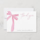 Montrez votre gratitude avec des Cartes de Remerciement personnalisées avec Nom et Ruban Rose pour Réception de mariage ! Avec un design élégant à ruban rose et un champ de nom modifiable, ces cartes élégantes sont le moyen idéal pour remercier vos invités avec style après avoir célébré la future mariée. Vous offrant de l'espace pour une note manuscrite.
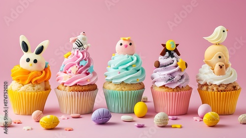 Set of various funny Easter cupcakes decorated for kids on pink background
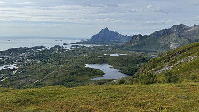 In Svolvaer angekommen habe ich dann den sehr ! mühsamen Aufstieg zum Tjerebergtinden auf mich genommen, um ein paar schöne Bilder zu machen. Das Wetter soll umschlagen und da bleibt nicht viel Zeit zum Überlegen. Die Tour habe ich wieder von Komoot. Insgesamt sind es 11 km vom Stellplatz hin und zurück. Dazu kommen noch rund 400 Höhenmeter, die man überwinden muss. Es geht teilweise um die 40 Grad steil auf steinigen und Geröllwegen hinauf. Oben angekommenhat man allerdings einen überwältigenden Blick auf Svolvaer und Kabelvag. Man ist gut 4 Stunden unterwegs.
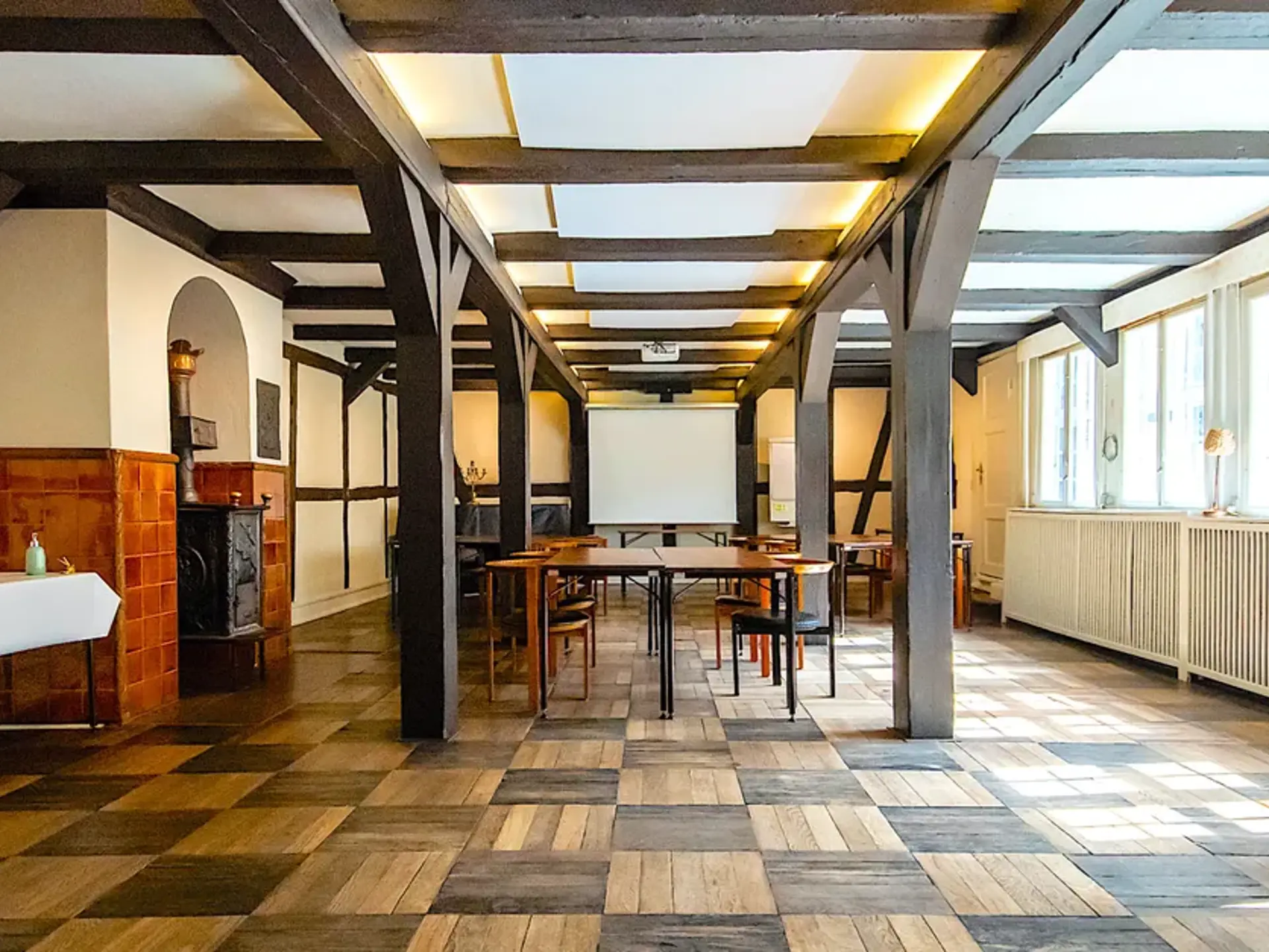 Vi kan lave mange forskellige bordopstilinger i forhold til Holbergsalens opbygning.
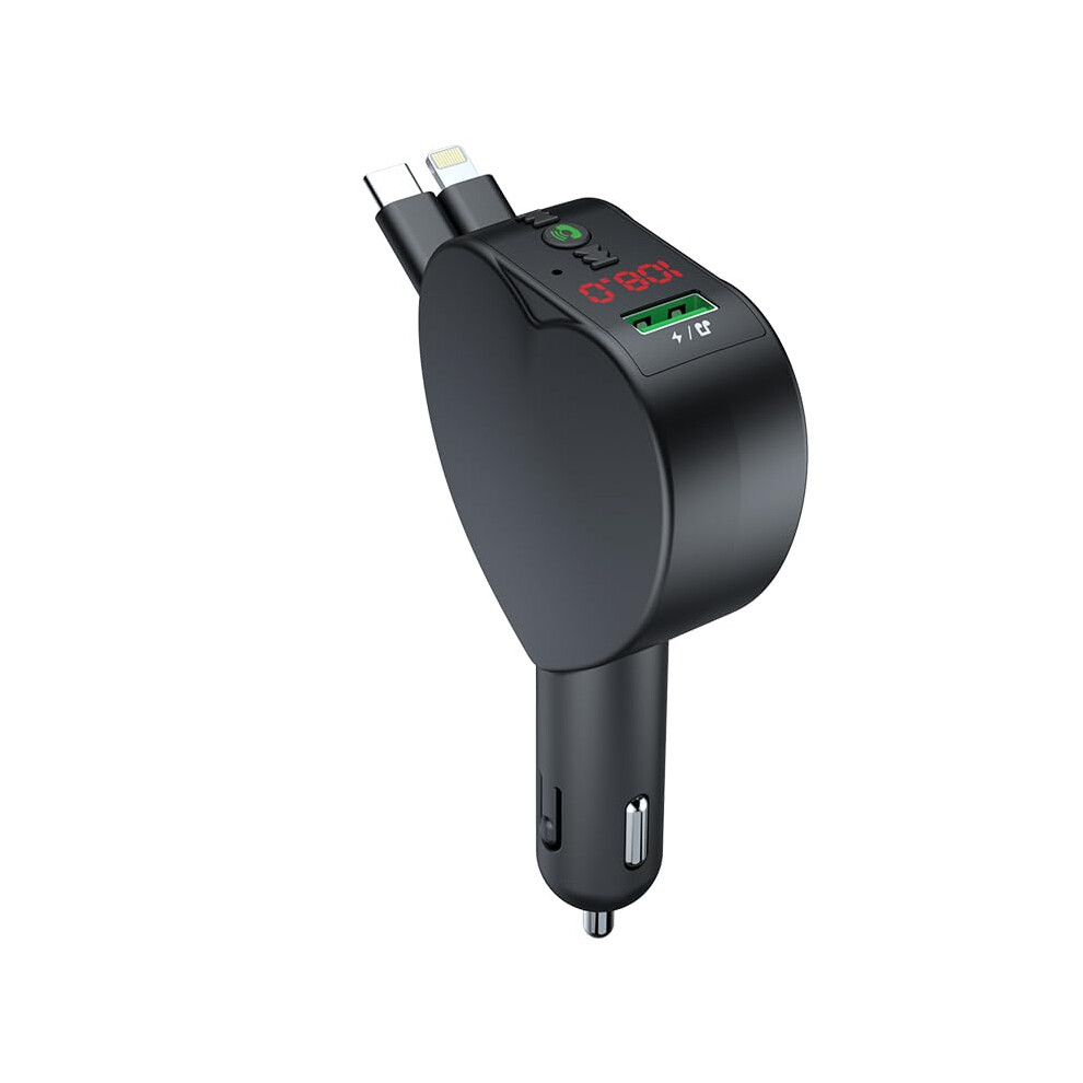 Bluetooth 5.3 Car Adapter FM Transmitter with Retractable Fast Charger, Handsfree Calling, MP3 Player, LED Display
········
Required action => Copy out every line of the material above exactly, skipping the pictures.

Answer to this problem =>
 Montrez votre gratitude avec des Cartes de Remerciement personnalisées avec Nom et Ruban Rose pour Réception de mariage ! Avec un design élégant à ruban rose et un champ de nom modifiable, ces cartes élégantes sont le moyen idéal pour remercier vos invités avec style après avoir célébré la future mariée. Vous offrant de l'espace pour une note manuscrite.
 Set of various funny Easter cupcakes decorated for kids on pink background
 In Svolvaer angekommen habe ich dann den sehr ! mühsamen Aufstieg zum Tjerebergtinden auf mich genommen, um ein paar schöne Bilder zu machen. Das Wetter soll umschlagen und da bleibt nicht viel Zeit zum Überlegen. Die Tour habe ich wieder von Komoot. Insgesamt sind es 11 km vom Stellplatz hin und zurück. Dazu kommen noch rund 400 Höhenmeter, die man überwinden muss. Es geht teilweise um die 40 Grad steil auf steinigen und Geröllwegen hinauf. Oben angekommenhat man allerdings einen überwältigenden Blick auf Svolvaer und Kabelvag. Man ist gut 4 Stunden unterwegs.
 Vi kan lave mange forskellige bordopstilinger i forhold til Holbergsalens opbygning.
 Bluetooth 5.3 Car Adapter FM Transmitter with Retractable Fast Charger, Handsfree Calling, MP3 Player, LED Display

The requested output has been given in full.